Mãos ao rodo, puxei a âncora e os meus olhos cravaram-se nas linhas e anzóis até onde podia ver. As primeiras linhas só traziam um ou outro sanapaio. Bem, continuava com a esperança que mais adiante teria mais consolação. Com efeito só a outra metade do trol me animava com mais uns peixitos. A última, ou seja, a primeira que larguei, foi a que mais me consolou. Porém, não deu para carregar o dóri, mas uma popa ajeitada acima das serretas. Lamentei-me um pouco, pois com aquela calma podia atestar o dóri de bacalhau. Mas o peixe é assim. Deambula por aqui e por ali, junta-se num local ou dispersa-se e não lhe adivinhamos o jeito, se se deixa arrastar pelas correntes ou se deixa estar num habitat alguns dias. Sabemos, sim, que ele só pára onde há comida para encher os seus buchos insaciáveis. Quando ficam a abarrotar vomitam e tornam novamente a encher os buchos e assim sem parar. Nunca estão saciados. O bacalhau!…

Bem, o navio havia suspendido e feito a emposta para sotavento dos dóris.
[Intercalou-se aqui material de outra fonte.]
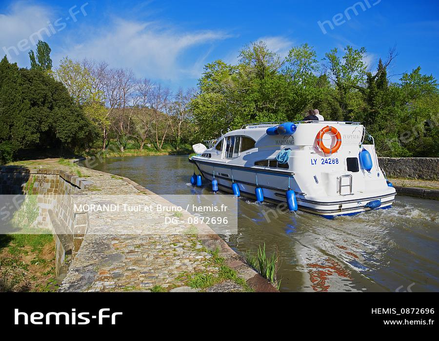France, Aude, Paraza, Canal du Midi listed as World Heritage by UNESCO, the navigable aqueduct of Repudre, the first built in France
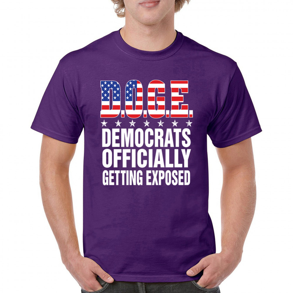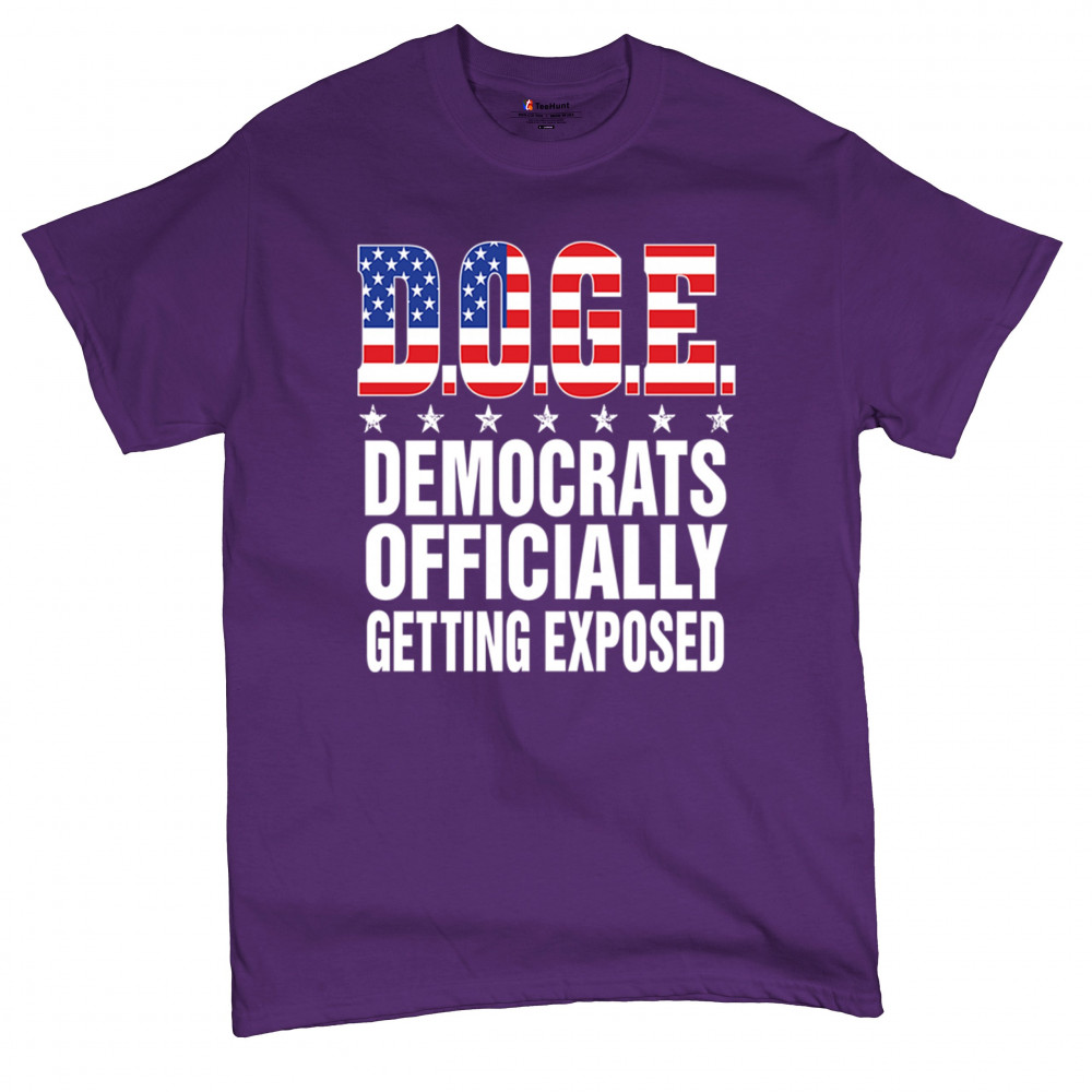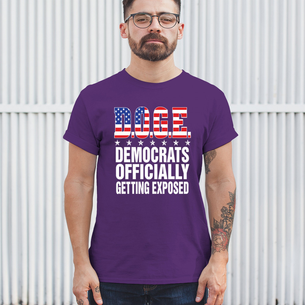 The D.O.G.E. Democrats Officially Getting Exposed design features bold text packed with patriotic flair and political edge. Stars-and-stripes fill the acronym while the clean layout delivers a direct anti-liberal message. Ideal for conservatives, libertarians, and free-speech defenders at rallies, campaign events, or daily wear.
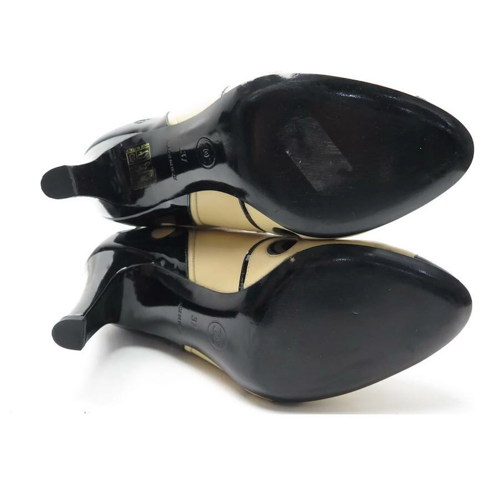 To note : two-tone: beige leather and black patent leather

Ancorou de novo a uma distância de mim cerca de três milhas. Sem vento para a vela tinha de vencer a distância à força dos remos. A água corria a meu desfavor, um contra- tempo. Não valia a pena lamentar. Aquilo era para mim, força. Passei por uns pedaços de gelo flutuante, fragmentos de um yceberg que se desfez algures e agora seguiam arrastados pela corrente.

A dado momento dei comigo a pensar na tragédia do “Titanic”. Como foi possível uma  bela e majestosa montanha de gelo afundar um gigante dos mares? Seria assim tão duro, mais que o ferro, capaz de o cortar como se fosse um diamante bem afiado?

A minha curiosidade despertou. “Tenho aqui uma oportunidade de o comprovar por mim mesmo”. “ Não há melhor saber que o empírico” pensei e logo decidi pôr em prática. Remei com toda a força contra uma pequena ilhota de gelo. O impacto foi como bater numa rocha tremendamente sólida e inamovível. Foi essa a sensação. A minha sorte é que o dóri bateu e deslizou pela ladeira do bloco de gelo. Recolhi os remos e reparei que o dóri estava a meter água na proa. Saltei para a ilhota a tempo de apanhar uma peça de madeira do bico da proa que se havia desprendido com o impacto. Essa peça fazia a consolidação das tábuas dos dois bordos do dóri, o seu fecho no ponto da convergência. Puxei o dóri mais acima da rampa de gelo e tentei repregar com a ajuda do garampolim.

Quando terminei a tarefa, empurrei o dóri e saltei. Verifiquei que, embora menos, a água continuava a entrar. Nesta altura estava a cerca de uma milha náutica do navio, pelos meus cálculos. Comecei a remar novamente, parando de dez em dez minutos para escoar a água, até chegar ao navio.

Fiquei a conhecer pela experiência a dureza de um bloco de gelo. Uma satisfação, descontando o susto quando vi o dóri a meter água como uma fonte e a incerteza de dar vazão ao seu escoamento. Se não conseguisse afundava-me irremediavelmente sem ninguém próximo que me socorresse.

Cheguei ao navio e descarreguei. Içaram-me o dóri para bordo e pedi pregos e estopa  para repregar a peça que se havia partido em duas partes, tendo ficado uma pequena parte presa e a maior solta, a  tal que ainda fui a tempo de recuperar pois logo a corrente a levava.

Aprendi a lição e tomei consciência da consistência e dureza de uma ilha de gelo. Quando ao leme do navio a navegar através de campos de gelo disperso ou a rondar ycebergs redobrava de atenção com plena consciência do risco. E como a curiosidade desta vez não me foi fatal, fiquei com o gozo do saber que essa experiência me proporcionou.